# Work to be completed
Please repeat exactly the lines below from the line with "ファーコート 長袖 切り替え" to the line with "Y de repente, un", including both, and leave out every picture.

Source material Start Marker

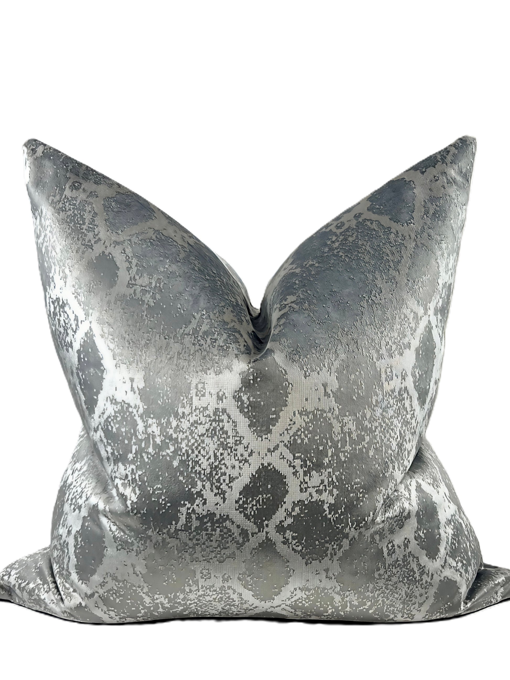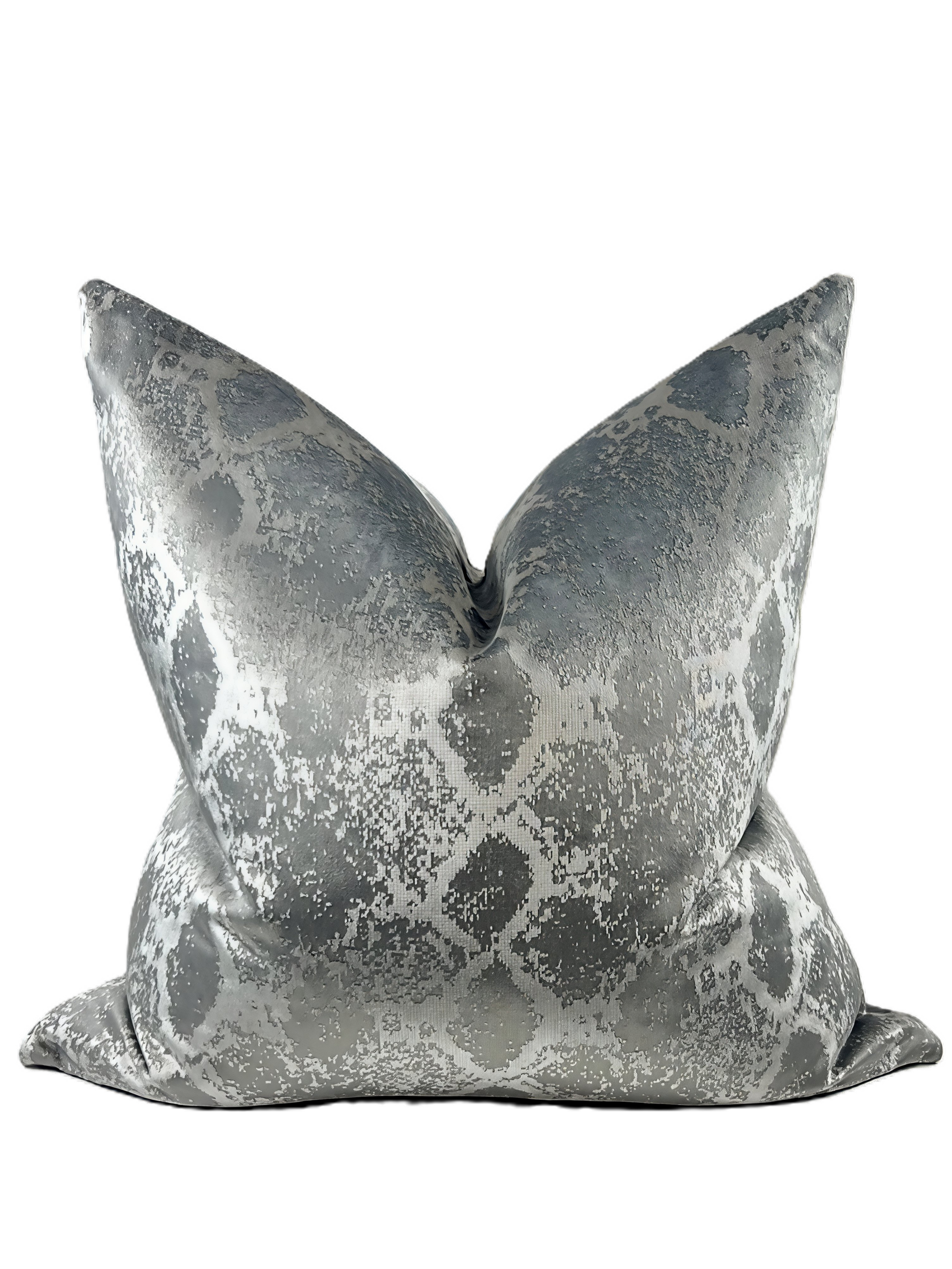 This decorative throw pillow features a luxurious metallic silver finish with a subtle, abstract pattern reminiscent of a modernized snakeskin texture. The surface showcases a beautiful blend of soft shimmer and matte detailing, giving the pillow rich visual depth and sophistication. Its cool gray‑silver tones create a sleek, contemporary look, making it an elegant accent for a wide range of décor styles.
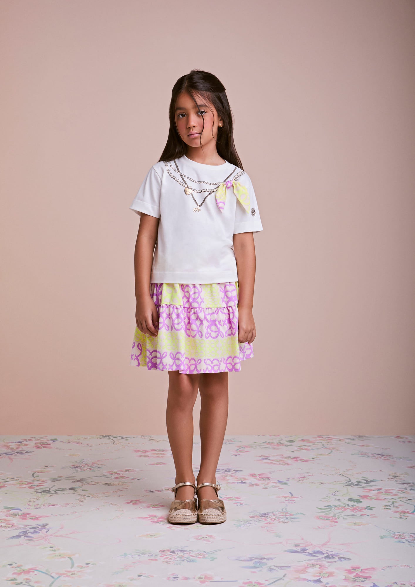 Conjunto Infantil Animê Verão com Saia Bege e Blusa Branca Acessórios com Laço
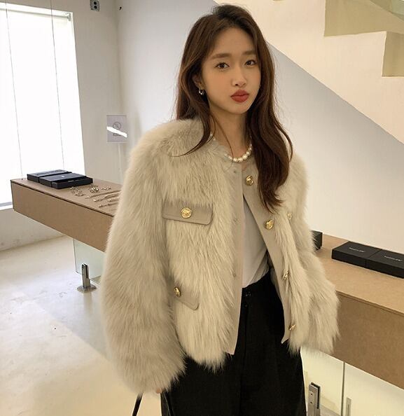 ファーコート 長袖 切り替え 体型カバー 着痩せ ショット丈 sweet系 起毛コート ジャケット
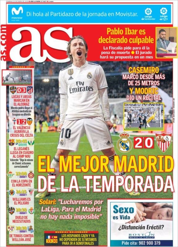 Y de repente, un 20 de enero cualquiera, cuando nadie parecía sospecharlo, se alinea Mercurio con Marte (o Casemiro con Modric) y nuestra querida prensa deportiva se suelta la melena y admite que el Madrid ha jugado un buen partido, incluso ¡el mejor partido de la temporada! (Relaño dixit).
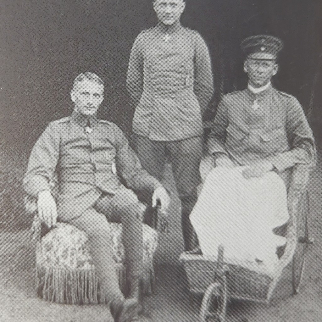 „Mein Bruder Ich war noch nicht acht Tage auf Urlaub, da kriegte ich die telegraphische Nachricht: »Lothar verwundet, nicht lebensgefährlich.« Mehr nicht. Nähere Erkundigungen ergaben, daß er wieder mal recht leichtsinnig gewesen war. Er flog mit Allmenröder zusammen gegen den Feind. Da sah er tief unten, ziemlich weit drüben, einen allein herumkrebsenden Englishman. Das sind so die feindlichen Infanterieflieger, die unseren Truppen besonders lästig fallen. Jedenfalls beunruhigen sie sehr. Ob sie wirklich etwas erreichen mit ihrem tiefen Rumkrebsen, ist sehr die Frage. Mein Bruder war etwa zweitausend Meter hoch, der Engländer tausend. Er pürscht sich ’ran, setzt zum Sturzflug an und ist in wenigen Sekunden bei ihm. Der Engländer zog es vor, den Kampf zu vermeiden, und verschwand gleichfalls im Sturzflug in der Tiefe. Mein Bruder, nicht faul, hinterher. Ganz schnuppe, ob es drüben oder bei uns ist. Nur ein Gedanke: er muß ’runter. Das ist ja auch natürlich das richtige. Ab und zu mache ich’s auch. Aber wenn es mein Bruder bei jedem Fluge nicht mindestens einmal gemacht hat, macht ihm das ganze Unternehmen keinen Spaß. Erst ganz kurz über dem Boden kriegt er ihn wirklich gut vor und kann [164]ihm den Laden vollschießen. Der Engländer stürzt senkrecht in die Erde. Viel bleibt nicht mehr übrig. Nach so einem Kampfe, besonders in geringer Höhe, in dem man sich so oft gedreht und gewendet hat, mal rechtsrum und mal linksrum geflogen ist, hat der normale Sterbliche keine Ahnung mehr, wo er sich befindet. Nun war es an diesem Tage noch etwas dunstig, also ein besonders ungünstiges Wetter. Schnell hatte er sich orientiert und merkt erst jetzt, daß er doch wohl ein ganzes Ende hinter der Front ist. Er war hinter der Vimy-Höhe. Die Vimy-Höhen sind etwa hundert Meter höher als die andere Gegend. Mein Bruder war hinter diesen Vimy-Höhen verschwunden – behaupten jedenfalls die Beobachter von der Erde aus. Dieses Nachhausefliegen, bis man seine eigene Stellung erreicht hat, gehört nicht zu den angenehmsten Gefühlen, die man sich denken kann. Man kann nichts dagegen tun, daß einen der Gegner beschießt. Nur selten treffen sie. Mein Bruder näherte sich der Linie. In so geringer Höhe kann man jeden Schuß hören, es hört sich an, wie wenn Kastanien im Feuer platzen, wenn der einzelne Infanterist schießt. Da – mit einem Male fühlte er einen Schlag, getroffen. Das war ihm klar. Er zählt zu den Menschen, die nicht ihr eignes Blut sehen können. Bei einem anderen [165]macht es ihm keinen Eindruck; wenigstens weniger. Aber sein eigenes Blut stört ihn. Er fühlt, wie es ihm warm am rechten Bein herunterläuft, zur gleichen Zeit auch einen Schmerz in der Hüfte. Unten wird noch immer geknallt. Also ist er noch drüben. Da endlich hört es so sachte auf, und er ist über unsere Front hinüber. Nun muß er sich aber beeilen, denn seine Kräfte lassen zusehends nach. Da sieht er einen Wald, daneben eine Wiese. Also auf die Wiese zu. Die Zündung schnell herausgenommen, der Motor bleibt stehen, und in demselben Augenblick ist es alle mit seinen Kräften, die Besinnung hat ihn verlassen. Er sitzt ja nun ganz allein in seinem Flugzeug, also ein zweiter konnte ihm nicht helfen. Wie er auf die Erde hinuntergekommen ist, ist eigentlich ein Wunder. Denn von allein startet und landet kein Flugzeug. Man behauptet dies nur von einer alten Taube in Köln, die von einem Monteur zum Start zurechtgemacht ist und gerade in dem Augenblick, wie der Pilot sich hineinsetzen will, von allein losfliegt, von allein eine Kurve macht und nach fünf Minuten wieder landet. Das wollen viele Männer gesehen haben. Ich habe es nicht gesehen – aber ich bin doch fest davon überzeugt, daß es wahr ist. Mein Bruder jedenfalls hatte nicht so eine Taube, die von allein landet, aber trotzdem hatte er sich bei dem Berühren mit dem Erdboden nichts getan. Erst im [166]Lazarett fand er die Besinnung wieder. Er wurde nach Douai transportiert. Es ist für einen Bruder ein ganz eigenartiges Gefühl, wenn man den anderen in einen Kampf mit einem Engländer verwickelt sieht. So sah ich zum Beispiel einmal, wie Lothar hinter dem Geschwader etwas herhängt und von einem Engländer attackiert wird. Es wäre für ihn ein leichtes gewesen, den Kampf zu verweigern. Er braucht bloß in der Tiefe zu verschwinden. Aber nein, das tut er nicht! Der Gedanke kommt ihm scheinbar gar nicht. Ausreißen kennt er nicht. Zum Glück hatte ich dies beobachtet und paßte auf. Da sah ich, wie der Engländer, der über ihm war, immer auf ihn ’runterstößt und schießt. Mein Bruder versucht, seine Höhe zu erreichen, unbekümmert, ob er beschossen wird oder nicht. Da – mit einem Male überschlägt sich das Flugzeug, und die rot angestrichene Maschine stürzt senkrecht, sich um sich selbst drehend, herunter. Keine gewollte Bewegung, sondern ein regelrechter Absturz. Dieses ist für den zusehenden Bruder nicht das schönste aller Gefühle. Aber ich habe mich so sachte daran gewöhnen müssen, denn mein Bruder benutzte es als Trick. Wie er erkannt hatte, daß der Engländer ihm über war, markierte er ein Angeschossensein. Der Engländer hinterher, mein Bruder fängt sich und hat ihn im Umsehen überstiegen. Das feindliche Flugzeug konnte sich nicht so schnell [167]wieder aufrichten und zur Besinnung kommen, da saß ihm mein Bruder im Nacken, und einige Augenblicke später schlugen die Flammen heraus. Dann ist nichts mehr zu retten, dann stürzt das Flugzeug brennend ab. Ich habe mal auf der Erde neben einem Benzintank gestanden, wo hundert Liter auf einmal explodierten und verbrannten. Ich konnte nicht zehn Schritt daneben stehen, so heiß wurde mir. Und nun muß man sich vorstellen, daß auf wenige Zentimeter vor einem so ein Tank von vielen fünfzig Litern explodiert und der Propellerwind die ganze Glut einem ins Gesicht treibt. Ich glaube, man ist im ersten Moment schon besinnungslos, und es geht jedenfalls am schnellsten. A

Source material End Marker
Source material Start Marker

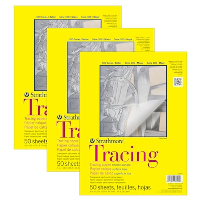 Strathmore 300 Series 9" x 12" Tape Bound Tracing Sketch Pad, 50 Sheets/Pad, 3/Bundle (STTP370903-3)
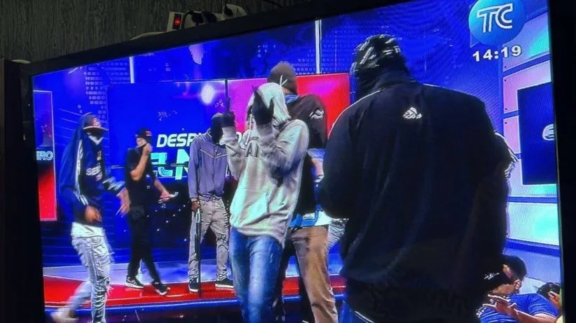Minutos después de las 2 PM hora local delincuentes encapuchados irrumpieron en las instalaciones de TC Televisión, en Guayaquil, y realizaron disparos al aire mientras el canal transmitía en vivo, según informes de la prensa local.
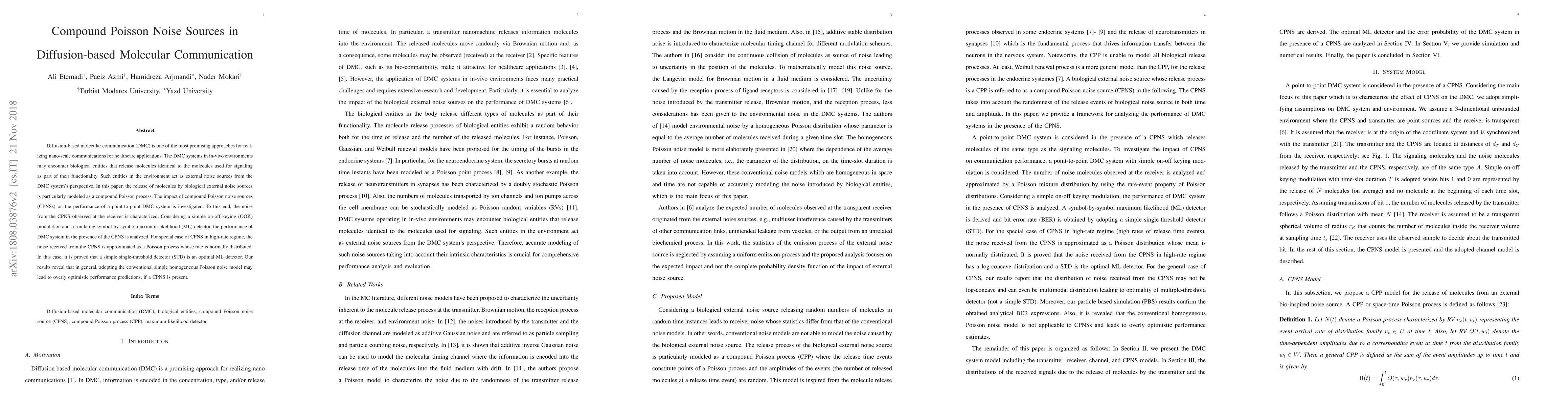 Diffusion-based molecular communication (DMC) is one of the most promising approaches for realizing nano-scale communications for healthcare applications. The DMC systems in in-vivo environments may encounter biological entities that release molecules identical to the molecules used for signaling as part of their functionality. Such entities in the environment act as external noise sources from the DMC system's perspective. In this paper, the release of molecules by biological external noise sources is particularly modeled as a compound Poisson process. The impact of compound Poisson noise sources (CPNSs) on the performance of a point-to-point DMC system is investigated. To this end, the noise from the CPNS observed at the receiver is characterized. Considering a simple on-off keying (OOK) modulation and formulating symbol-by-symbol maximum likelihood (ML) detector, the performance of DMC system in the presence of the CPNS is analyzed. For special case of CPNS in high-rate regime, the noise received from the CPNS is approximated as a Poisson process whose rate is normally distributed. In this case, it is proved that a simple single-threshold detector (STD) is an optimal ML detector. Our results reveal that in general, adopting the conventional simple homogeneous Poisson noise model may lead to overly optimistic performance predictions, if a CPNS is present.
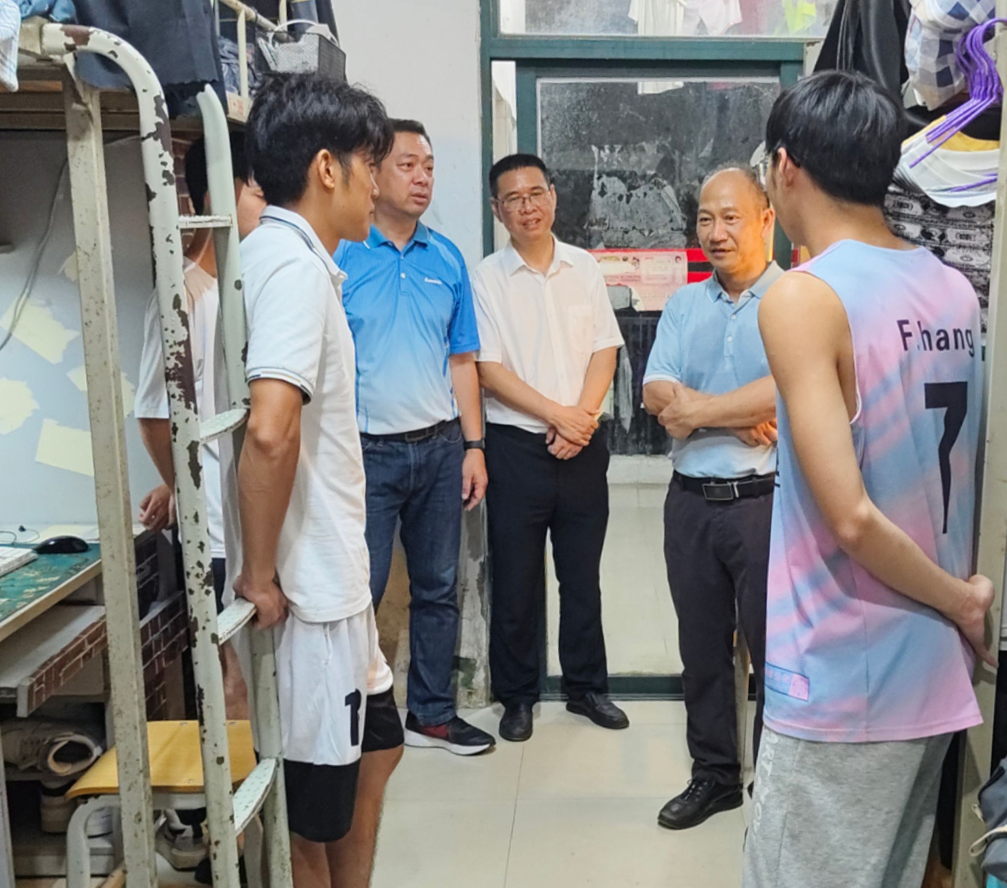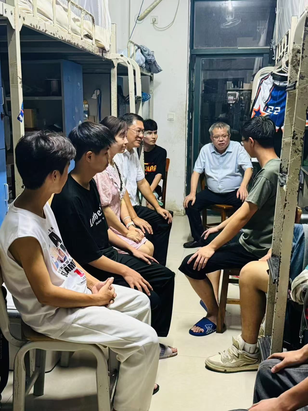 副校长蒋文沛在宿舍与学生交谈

Source material End Marker

# Worked solution
 ファーコート 長袖 切り替え 体型カバー 着痩せ ショット丈 sweet系 起毛コート ジャケット
 Y de repente, un 20 de enero cualquiera, cuando nadie parecía sospecharlo, se alinea Mercurio con Marte (o Casemiro con Modric) y nuestra querida prensa deportiva se suelta la melena y admite que el Madrid ha jugado un buen partido, incluso ¡el mejor partido de la temporada! (Relaño dixit).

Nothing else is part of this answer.